Exercise directions :: For this exercise, retype all the data exactly and exclude every image.

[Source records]
____________

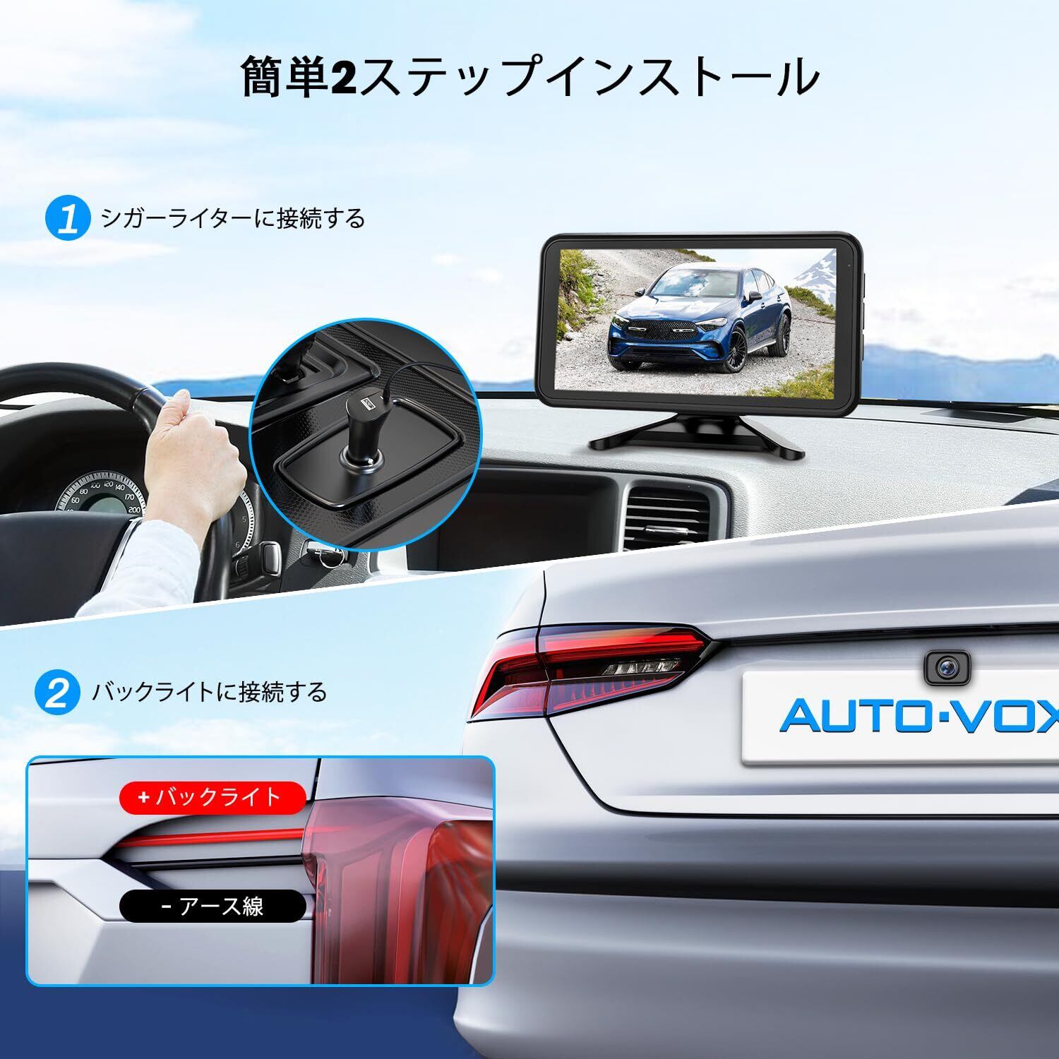 【30 分で簡単インストール】無線 バックモニターW12 は、モニターを点煙器コンセントに、カメラをテールライトまたはバックライトに接続するだけ。初心者でも説明書と動画を参考に 30 分以内に完了できる「プラグアンドプレイ」仕様です。
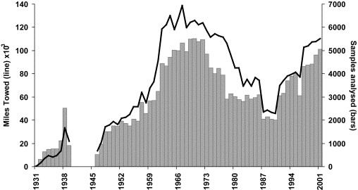 上图是截止2001年,每年的CPR采样长度和样品数量情况,二战期间停了一段时间。
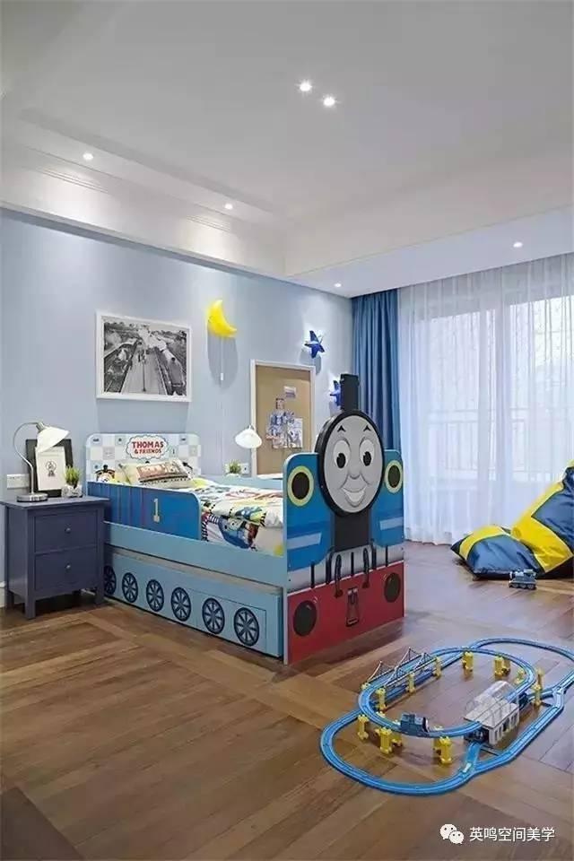 在做兒童房陳設時,往往以孩子的興趣點為導向。本案就以動漫形象“托馬斯小火車”為主題,打造了一個小男孩兒休息、玩耍的空間。
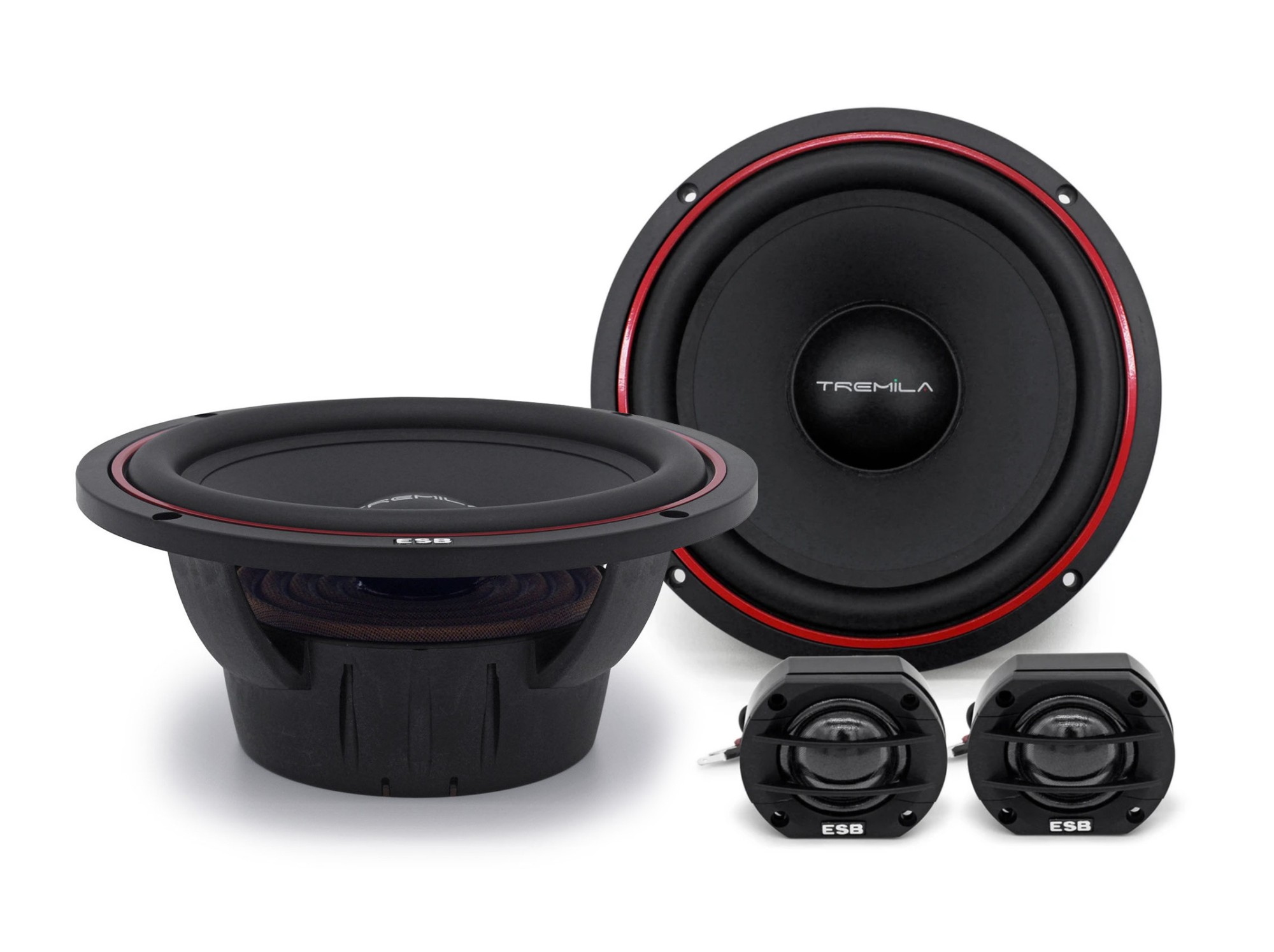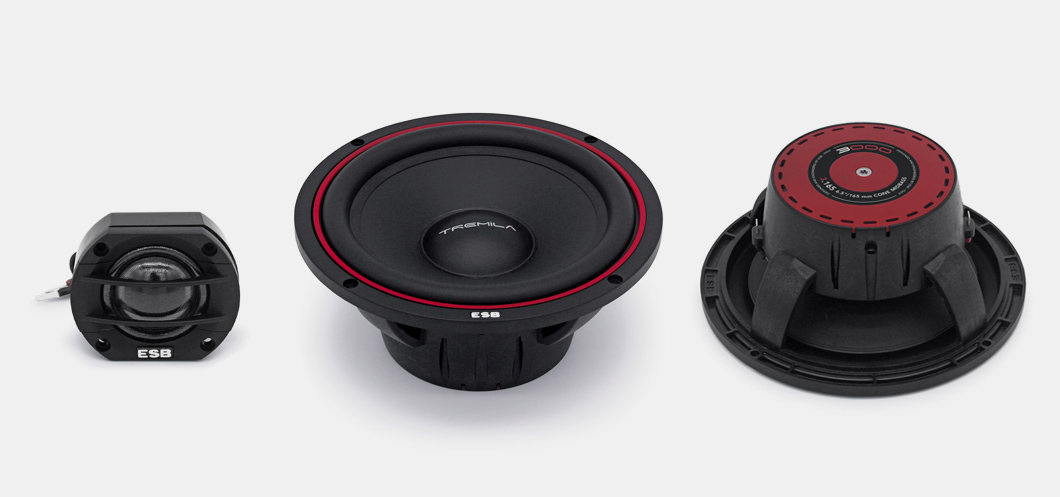 Акустичната система ESB от моделната серия 3000 (Tremila) е разработена и сглобена с голям ангажимент в изследването на материали и технически решения от най-високо ниво. Целта бе да се създаде пълна гама високоговорители и субуфери, насочени към високо качество на звука и универсален монтаж. Кошовете на говорителите са проектирани така, че да постигнат максимална торсионна твърдост. Диафрагмата от пресована хартия с водоустойчива обработка е най-доброто съчетание на лекота, твърдост и способност на диафрагмата да потиска нежелани вибрации. Всички средночестотни говорители са оборудвани с двигател с феритен магнит клас Y‑35, с значително по-висока ефективност в сравнение с класическите „стандартни“ феритни магнити. Високочестотните говорители от серия 3000 са произведени от ексклузивната нетъкана PPS тъкан Torcon® с високоефективно влакно, което притежава отлична термична устойчивост, ниско тегло, отлични самопоглъщащи свойства и резонансна честотна характеристика извън чуваемия диапазон. Резултатът е много мек и прозрачен звук на високочестотния говорител с максимална детайлност. Бобината разполага с отлично вентилиране с антирезонансни камери и е заглушена със специално масло на базата на течен железен материал. Комплектът съдържа високочестотни и средночестотни говорители без честотни кросоувъри.
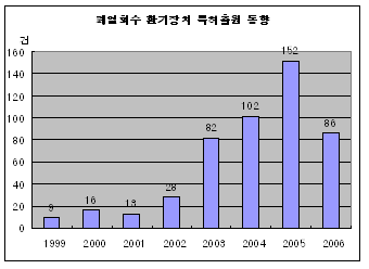 한국 특허출원은 LG전자가 43%로 가장 많았으며, 대우일렉트로닉스와 삼성전자가 각각 11% 및 10%를 차지하고 있고 나머지는 다수의 외국기업, 중소기업 및 개인이 출원하고 있다. 한편, 일본은 1990년경 이미 새집증후군이 대두돼 1990년대 연평균 32-52건이 특허출원됐고, 2000년 이후에는 3-30건으로 점차 감소되고 있다. 환기설비로 실내공기질의 개선효과를 거두었고 시장이 포화되었기 때문으로 판단된다. 특허청 관계자는 “아파트에서의 건강 및 에너지 절약에 관한 관심으로 폐열회수 환기장치의 중요성은 더해질 것”이라며, “출원이 앞으로도 지속적으로 증가할 것”이라고 전망했다. <김 은 기자> 표, 그래프: | 폐열회수 환기장치 특허출원 동향 | <화학저널 2008/1/16> |
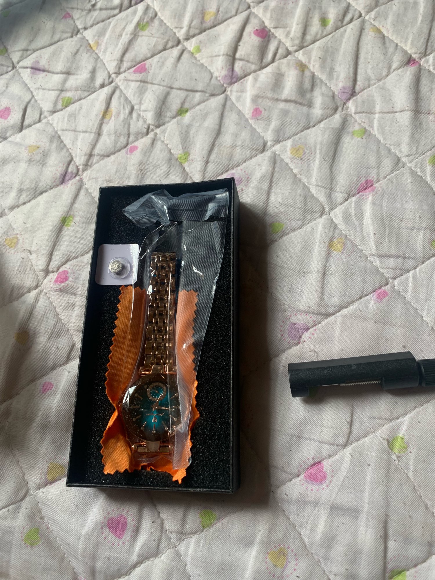 It is a beautiful watch, it really is identical to the image, it came super well packed and with a very nice case of the first quality, in addition to a cleaning cloth like the lenses, A disassembler tool with its sachet and a spare pile, it's amazing and it's beautiful. I recommend buying it one hundred percent.
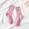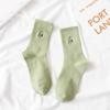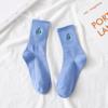 These socks are crafted to be both adorable and practical. They feature vibrant embroidered dinosaurs, a standard thickness suitable for everyday wear, and a stretchy knit that lets you move freely. Their solid color background makes the embroidered design pop, creating a sweet but stylish look perfect for casual outfits.
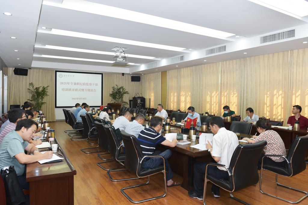 本网讯根据学校党委、纪委年度干部教育培训计划,9月18日下午,我校2021年专兼职纪检监察干部培训班在第三会议室开班。校党委常委、纪委书记、监察专员陈文兵出席开班式。校纪委委员、二级纪委书记、二级党组织纪检委员和学校专职纪检监察巡察干部等参加了开班式并接受培训。
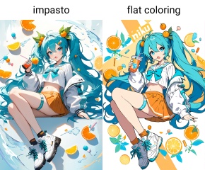 masterpiece,impasto,1girl, long hair, very long hair, skirt, solo, food, holding, navel, hatsune miku, twintails, blue hair, fruit, jacket, hair ornament, blue eyes, socks, pleated skirt, shoes, thigh strap, midriff, food-themed hair ornament, phone, drinking straw, full body, open mouth, cup, orange slice, yellow skirt, shirt, orange \(fruit\), open clothes, looking at viewer, open jacket, white shirt, candy, miniskirt, hair between eyes, long sleeves, lollipop, cellphone, holding phone, holding cup, sailor collar, white footwear, crop top, orange skirt, flower, white jacket, stomach, bow, sneakers
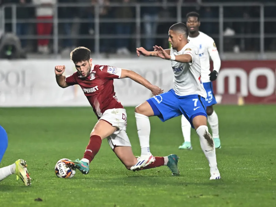 Paul Alexandru Iacob si Rivaldinho (Mosca Rivaldo Vitor Ferreira) in meciul de fotbal dintre Rapid Bucuresti si Farul Constanta, din cadrul Play-off-ului Superligii Superbet, desfasurat pe Superbet Arena-Giulesti din Bucuresti, vineri 15 martie 2024. © FOTO:Razvan Pasarica/SPORT PICTURES
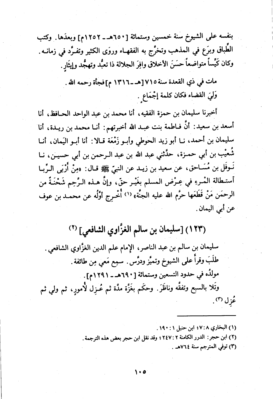سُلَيْمَانُ بْنُ سَالِمِ بْنِ عَبْدِ النَّاصِرِ، الْإِمَامُ عَلَمُ الدِّينِ الْغَزَّاوِيُّ الشَّافِعِيُّ، طَلَبَ وَقَرَأَ عَلَى الشُّيُوخِ وَتَمَيَّزَ وَدَرَسَ سَمِعَ مَعِي مِنْ طَائِفَةٍ مَوْلِدُهُ فِي حُدُودِ التِّسْعِينَ وَسِتِّ مِائَةٍ.
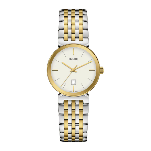 Ladies Rado Florence Classic Quartz Watch. The 30mm case and bracelet are bicolour: yellow gold PVD on stainless steel. The dial is white with yellow batons and a date display. The glass is sapphire crystal. The movement is quartz.
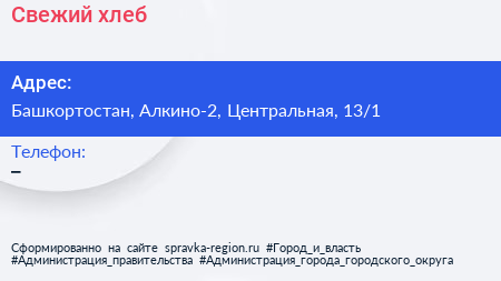 Свежий хлеб по адресу Башкортостан, Алкино-2, Центральная, 13/1 в дальнейшем Организация, размещена в следующих категориях:
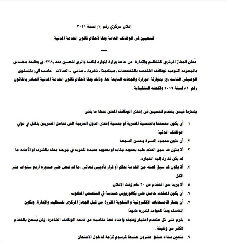 أعلن الجهاز المركزي للتنظيم والإدارة عبر بوابة الوظائف الحكومية، 238 تعيينًا حكوميًا، لشغل وظيفة مهندس، بوزارة الموارد المائية والري.
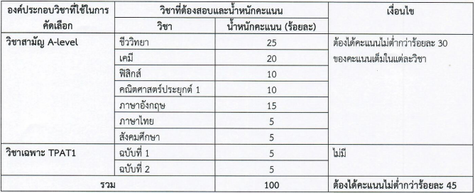 **สำหรับโครงการโอลิมปิกวิชาการ (ชีววิทยา) จะต้องได้คะแนนรวมไม่ต่ำกว่าร้อยละ 65
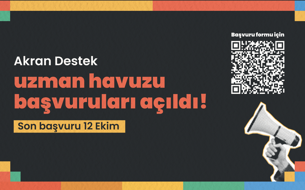 Akran Projesi kapsamında yürütülecek faaliyetlerde görev almak üzere bir uzman havuzu oluşturuyoruz. Siz de uzmanlık alanınızla katkı sunmak isterseniz başvurunuzu bekliyoruz!
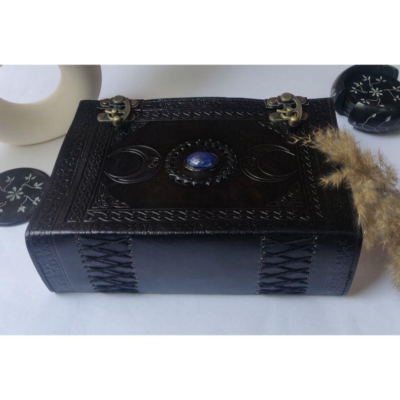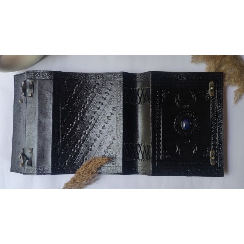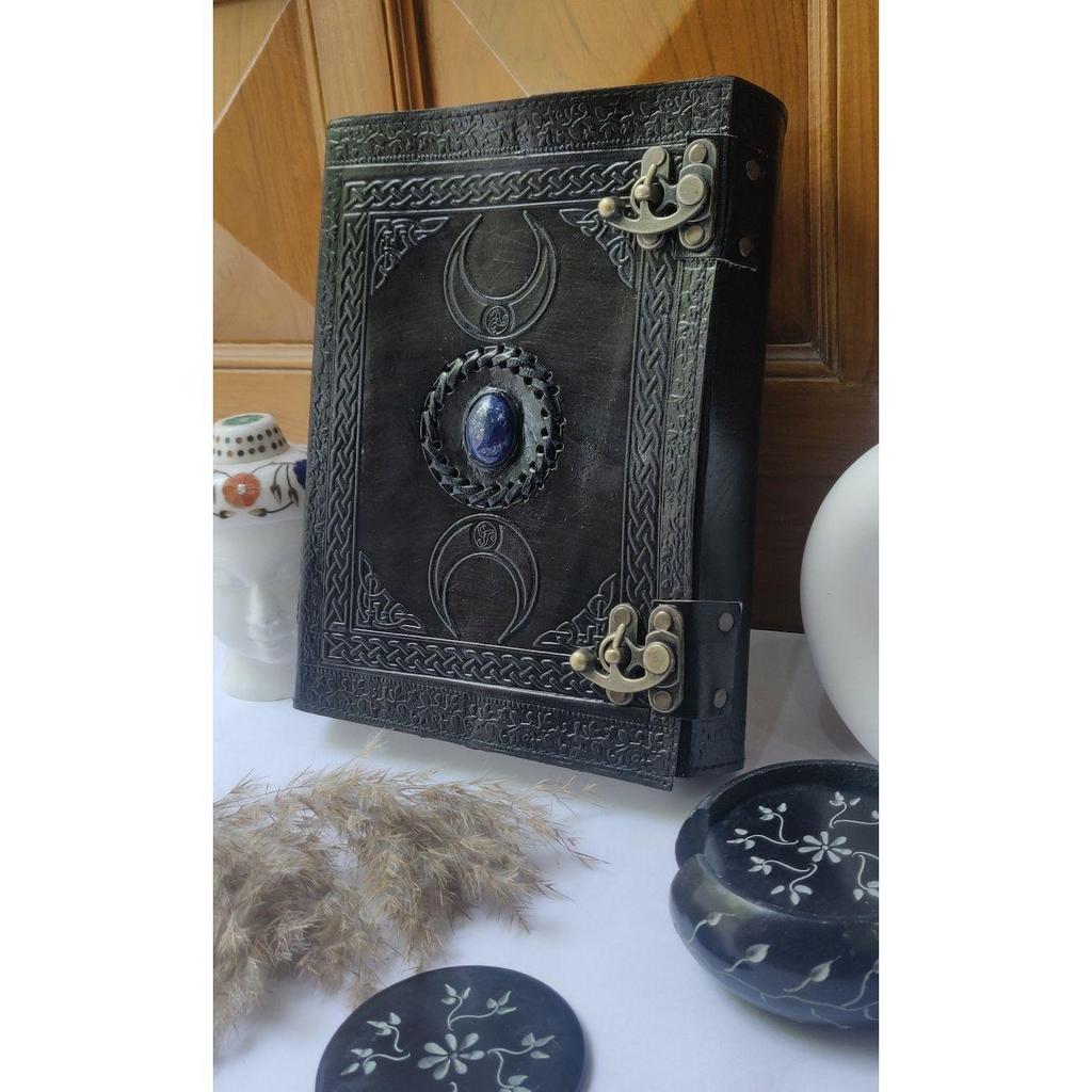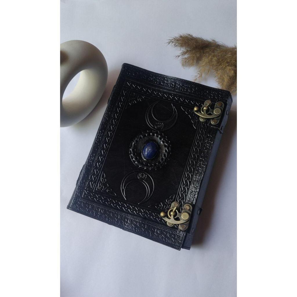 Этот красивый журнал / блокнот ручной работы с тройной луной и одним камнем изготовлен из гладкой и линованной бумаги, переплетенной натуральной кожей.

____________

Result ::
 【30 分で簡単インストール】無線 バックモニターW12 は、モニターを点煙器コンセントに、カメラをテールライトまたはバックライトに接続するだけ。初心者でも説明書と動画を参考に 30 分以内に完了できる「プラグアンドプレイ」仕様です。
 上图是截止2001年,每年的CPR采样长度和样品数量情况,二战期间停了一段时间。
 在做兒童房陳設時,往往以孩子的興趣點為導向。本案就以動漫形象“托馬斯小火車”為主題,打造了一個小男孩兒休息、玩耍的空間。
 Акустичната система ESB от моделната серия 3000 (Tremila) е разработена и сглобена с голям ангажимент в изследването на материали и технически решения от най-високо ниво. Целта бе да се създаде пълна гама високоговорители и субуфери, насочени към високо качество на звука и универсален монтаж. Кошовете на говорителите са проектирани така, че да постигнат максимална торсионна твърдост. Диафрагмата от пресована хартия с водоустойчива обработка е най-доброто съчетание на лекота, твърдост и способност на диафрагмата да потиска нежелани вибрации. Всички средночестотни говорители са оборудвани с двигател с феритен магнит клас Y‑35, с значително по-висока ефективност в сравнение с класическите „стандартни“ феритни магнити. Високочестотните говорители от серия 3000 са произведени от ексклузивната нетъкана PPS тъкан Torcon® с високоефективно влакно, което притежава отлична термична устойчивост, ниско тегло, отлични самопоглъщащи свойства и резонансна честотна характеристика извън чуваемия диапазон. Резултатът е много мек и прозрачен звук на високочестотния говорител с максимална детайлност. Бобината разполага с отлично вентилиране с антирезонансни камери и е заглушена със специално масло на базата на течен железен материал. Комплектът съдържа високочестотни и средночестотни говорители без честотни кросоувъри.
 한국 특허출원은 LG전자가 43%로 가장 많았으며, 대우일렉트로닉스와 삼성전자가 각각 11% 및 10%를 차지하고 있고 나머지는 다수의 외국기업, 중소기업 및 개인이 출원하고 있다. 한편, 일본은 1990년경 이미 새집증후군이 대두돼 1990년대 연평균 32-52건이 특허출원됐고, 2000년 이후에는 3-30건으로 점차 감소되고 있다. 환기설비로 실내공기질의 개선효과를 거두었고 시장이 포화되었기 때문으로 판단된다. 특허청 관계자는 “아파트에서의 건강 및 에너지 절약에 관한 관심으로 폐열회수 환기장치의 중요성은 더해질 것”이라며, “출원이 앞으로도 지속적으로 증가할 것”이라고 전망했다. <김 은 기자> 표, 그래프: | 폐열회수 환기장치 특허출원 동향 | <화학저널 2008/1/16> |
 It is a beautiful watch, it really is identical to the image, it came super well packed and with a very nice case of the first quality, in addition to a cleaning cloth like the lenses, A disassembler tool with its sachet and a spare pile, it's amazing and it's beautiful. I recommend buying it one hundred percent.
 These socks are crafted to be both adorable and practical. They feature vibrant embroidered dinosaurs, a standard thickness suitable for everyday wear, and a stretchy knit that lets you move freely. Their solid color background makes the embroidered design pop, creating a sweet but stylish look perfect for casual outfits.
 本网讯根据学校党委、纪委年度干部教育培训计划,9月18日下午,我校2021年专兼职纪检监察干部培训班在第三会议室开班。校党委常委、纪委书记、监察专员陈文兵出席开班式。校纪委委员、二级纪委书记、二级党组织纪检委员和学校专职纪检监察巡察干部等参加了开班式并接受培训。
 masterpiece,impasto,1girl, long hair, very long hair, skirt, solo, food, holding, navel, hatsune miku, twintails, blue hair, fruit, jacket, hair ornament, blue eyes, socks, pleated skirt, shoes, thigh strap, midriff, food-themed hair ornament, phone, drinking straw, full body, open mouth, cup, orange slice, yellow skirt, shirt, orange \(fruit\), open clothes, looking at viewer, open jacket, white shirt, candy, miniskirt, hair between eyes, long sleeves, lollipop, cellphone, holding phone, holding cup, sailor collar, white footwear, crop top, orange skirt, flower, white jacket, stomach, bow, sneakers
 Paul Alexandru Iacob si Rivaldinho (Mosca Rivaldo Vitor Ferreira) in meciul de fotbal dintre Rapid Bucuresti si Farul Constanta, din cadrul Play-off-ului Superligii Superbet, desfasurat pe Superbet Arena-Giulesti din Bucuresti, vineri 15 martie 2024. © FOTO:Razvan Pasarica/SPORT PICTURES
سُلَيْمَانُ بْنُ سَالِمِ بْنِ عَبْدِ النَّاصِرِ، الْإِمَامُ عَلَمُ الدِّينِ الْغَزَّاوِيُّ الشَّافِعِيُّ، طَلَبَ وَقَرَأَ عَلَى الشُّيُوخِ وَتَمَيَّزَ وَدَرَسَ سَمِعَ مَعِي مِنْ طَائِفَةٍ مَوْلِدُهُ فِي حُدُودِ التِّسْعِينَ وَسِتِّ مِائَةٍ.
 Ladies Rado Florence Classic Quartz Watch. The 30mm case and bracelet are bicolour: yellow gold PVD on stainless steel. The dial is white with yellow batons and a date display. The glass is sapphire crystal. The movement is quartz.
 Свежий хлеб по адресу Башкортостан, Алкино-2, Центральная, 13/1 в дальнейшем Организация, размещена в следующих категориях:
 أعلن الجهاز المركزي للتنظيم والإدارة عبر بوابة الوظائف الحكومية، 238 تعيينًا حكوميًا، لشغل وظيفة مهندس، بوزارة الموارد المائية والري.
 **สำหรับโครงการโอลิมปิกวิชาการ (ชีววิทยา) จะต้องได้คะแนนรวมไม่ต่ำกว่าร้อยละ 65
 Akran Projesi kapsamında yürütülecek faaliyetlerde görev almak üzere bir uzman havuzu oluşturuyoruz. Siz de uzmanlık alanınızla katkı sunmak isterseniz başvurunuzu bekliyoruz!
 Этот красивый журнал / блокнот ручной работы с тройной луной и одним камнем изготовлен из гладкой и линованной бумаги, переплетенной натуральной кожей.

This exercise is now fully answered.